I grew up in the Adventist church and was blessed to hear mission stories directly from the lips of Leonard Robinson, E.L. Minchin, Eric B. Hare and others. But working at AFM has ignited an even brighter missionary flame in my heart. My prayers are more pointed, my giving more purposeful, my testimony more powerful after years of associating with dedicated AFM workers and hearing repeated accounts of what God can do with ordinary people.
People like my beloved eighth-grade teacher, Art Bell. After years of teaching in Southern California, the Bells went to serve in Thailand. Today his granddaughter, Tonya Wright, and her husband Jared are AFM career missionaries in that same country.
And who could have known back in the early ‘80s that our next-door neighbors at Canadian Union College, the couple with two cute little girls a bit older than our boys, would continue serving in Adventist colleges until retirement and then go back to the mission field?
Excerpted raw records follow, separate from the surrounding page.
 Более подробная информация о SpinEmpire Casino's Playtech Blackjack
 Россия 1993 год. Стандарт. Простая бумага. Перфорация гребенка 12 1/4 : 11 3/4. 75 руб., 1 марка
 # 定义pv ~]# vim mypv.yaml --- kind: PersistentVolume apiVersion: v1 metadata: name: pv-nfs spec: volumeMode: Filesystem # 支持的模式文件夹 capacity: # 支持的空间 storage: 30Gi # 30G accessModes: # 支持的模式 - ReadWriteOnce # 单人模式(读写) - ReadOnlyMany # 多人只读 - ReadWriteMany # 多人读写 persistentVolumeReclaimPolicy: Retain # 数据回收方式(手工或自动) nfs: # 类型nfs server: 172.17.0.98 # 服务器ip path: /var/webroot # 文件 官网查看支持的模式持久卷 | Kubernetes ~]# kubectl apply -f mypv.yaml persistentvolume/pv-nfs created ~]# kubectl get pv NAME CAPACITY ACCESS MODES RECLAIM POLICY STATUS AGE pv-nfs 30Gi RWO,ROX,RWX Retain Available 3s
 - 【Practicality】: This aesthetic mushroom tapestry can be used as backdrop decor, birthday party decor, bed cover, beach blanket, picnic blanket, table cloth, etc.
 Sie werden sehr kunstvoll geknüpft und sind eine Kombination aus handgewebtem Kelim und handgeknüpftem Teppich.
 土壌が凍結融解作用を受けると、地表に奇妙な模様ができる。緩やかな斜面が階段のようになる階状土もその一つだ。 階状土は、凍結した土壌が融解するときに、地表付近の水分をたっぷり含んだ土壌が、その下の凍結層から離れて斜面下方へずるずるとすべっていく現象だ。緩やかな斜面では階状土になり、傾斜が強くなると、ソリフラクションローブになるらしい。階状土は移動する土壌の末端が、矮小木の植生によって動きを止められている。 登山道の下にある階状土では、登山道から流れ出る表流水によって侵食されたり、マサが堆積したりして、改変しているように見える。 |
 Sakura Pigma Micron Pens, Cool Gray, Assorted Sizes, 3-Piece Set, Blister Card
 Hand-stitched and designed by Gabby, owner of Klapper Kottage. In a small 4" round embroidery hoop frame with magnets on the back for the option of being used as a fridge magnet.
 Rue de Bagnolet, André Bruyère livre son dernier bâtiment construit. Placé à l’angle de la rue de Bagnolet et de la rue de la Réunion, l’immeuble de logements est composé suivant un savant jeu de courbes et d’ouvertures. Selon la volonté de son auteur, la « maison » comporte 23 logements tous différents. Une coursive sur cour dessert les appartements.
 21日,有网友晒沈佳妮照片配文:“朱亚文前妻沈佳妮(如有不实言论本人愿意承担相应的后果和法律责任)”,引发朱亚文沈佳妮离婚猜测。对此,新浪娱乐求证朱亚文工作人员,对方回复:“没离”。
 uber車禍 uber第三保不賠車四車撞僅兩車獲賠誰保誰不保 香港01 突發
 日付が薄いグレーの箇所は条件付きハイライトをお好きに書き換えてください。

Today, Don and Janella Abbey are AFM field directors in Asia.
My own son Adam began his overseas career as an AFM student missionary to Benin, West Africa, before I joined the staff here in 2000.
Accountants, architects, Bible workers, chemists, college professors, conference presidents, counselors, furniture makers, graphic designers, housekeepers, lawyers, mechanics, musicians, nurses, nurserymen, physical therapists, salesmen, secretaries, students, teachers, teenagers, young adults, middle-aged and retirees—AFM has sent missionaries from all these walks of life and more.
As I think about the workers who have gone out these past 30 years—people like you and me—I realize again that our jobs, our age, even our abilities are not what define or limit us. What really matters is who we are—Christ’s disciples with hearts for lost people.
Are you someone with a heart like that? Sometimes it seems that reaching the reached with the urgency of the need for more laborers is just as challenging as reaching the unreached! I encourage you to step through new doors that are opening at AFM. Let God take you on the journey He has prepared for you.
For the love of the unreached.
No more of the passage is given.